WHAT THIS TASK INVOLVES: May I please have every record restated word for word, with the images left out?

Records from a collection:
___

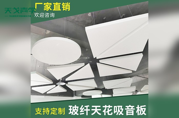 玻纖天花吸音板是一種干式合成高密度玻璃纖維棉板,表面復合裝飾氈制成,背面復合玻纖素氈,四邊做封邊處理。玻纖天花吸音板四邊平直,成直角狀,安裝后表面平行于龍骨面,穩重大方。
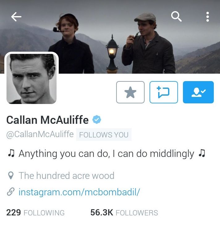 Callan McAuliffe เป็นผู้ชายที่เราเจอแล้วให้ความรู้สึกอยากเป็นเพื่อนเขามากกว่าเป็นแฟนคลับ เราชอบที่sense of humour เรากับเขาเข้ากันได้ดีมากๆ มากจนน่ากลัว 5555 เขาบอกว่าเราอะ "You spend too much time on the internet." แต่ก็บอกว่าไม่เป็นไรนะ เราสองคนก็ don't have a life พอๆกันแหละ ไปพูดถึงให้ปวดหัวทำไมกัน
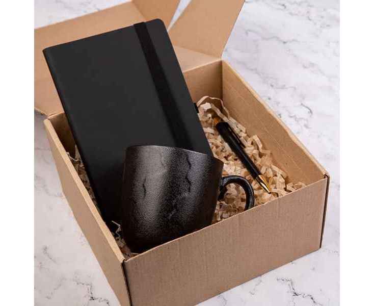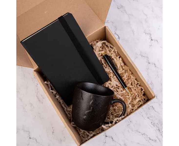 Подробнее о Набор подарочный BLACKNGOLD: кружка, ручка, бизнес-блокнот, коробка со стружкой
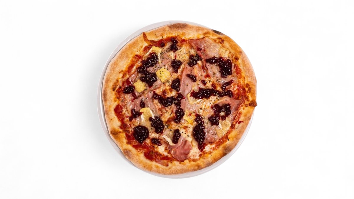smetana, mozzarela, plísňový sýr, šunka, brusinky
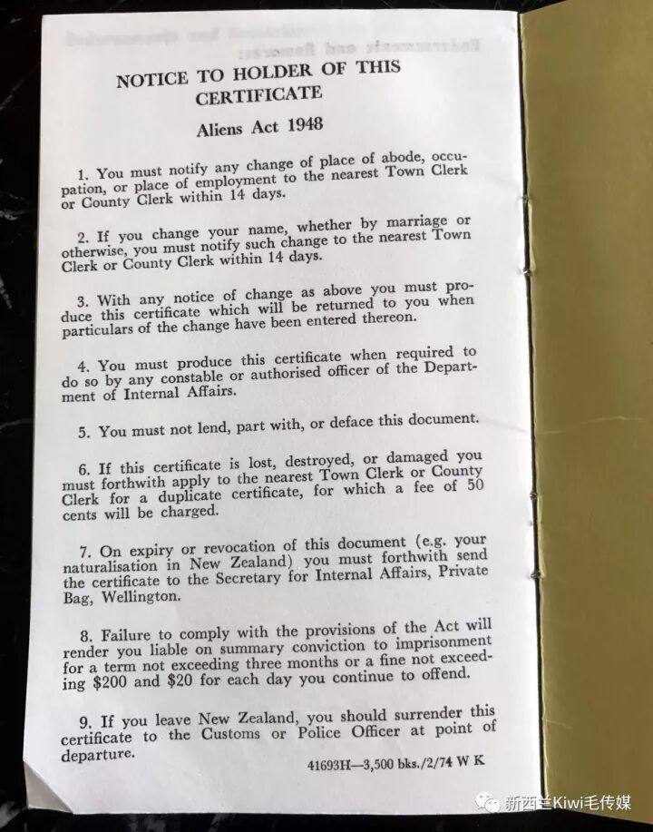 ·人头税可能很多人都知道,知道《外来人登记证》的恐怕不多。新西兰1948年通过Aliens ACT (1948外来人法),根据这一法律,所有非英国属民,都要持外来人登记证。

___

SOLUTION FOR THIS TASK:
 玻纖天花吸音板是一種干式合成高密度玻璃纖維棉板,表面復合裝飾氈制成,背面復合玻纖素氈,四邊做封邊處理。玻纖天花吸音板四邊平直,成直角狀,安裝后表面平行于龍骨面,穩重大方。
 Callan McAuliffe เป็นผู้ชายที่เราเจอแล้วให้ความรู้สึกอยากเป็นเพื่อนเขามากกว่าเป็นแฟนคลับ เราชอบที่sense of humour เรากับเขาเข้ากันได้ดีมากๆ มากจนน่ากลัว 5555 เขาบอกว่าเราอะ "You spend too much time on the internet." แต่ก็บอกว่าไม่เป็นไรนะ เราสองคนก็ don't have a life พอๆกันแหละ ไปพูดถึงให้ปวดหัวทำไมกัน
 Подробнее о Набор подарочный BLACKNGOLD: кружка, ручка, бизнес-блокнот, коробка со стружкой
smetana, mozzarela, plísňový sýr, šunka, brusinky
 ·人头税可能很多人都知道,知道《外来人登记证》的恐怕不多。新西兰1948年通过Aliens ACT (1948外来人法),根据这一法律,所有非英国属民,都要持外来人登记证。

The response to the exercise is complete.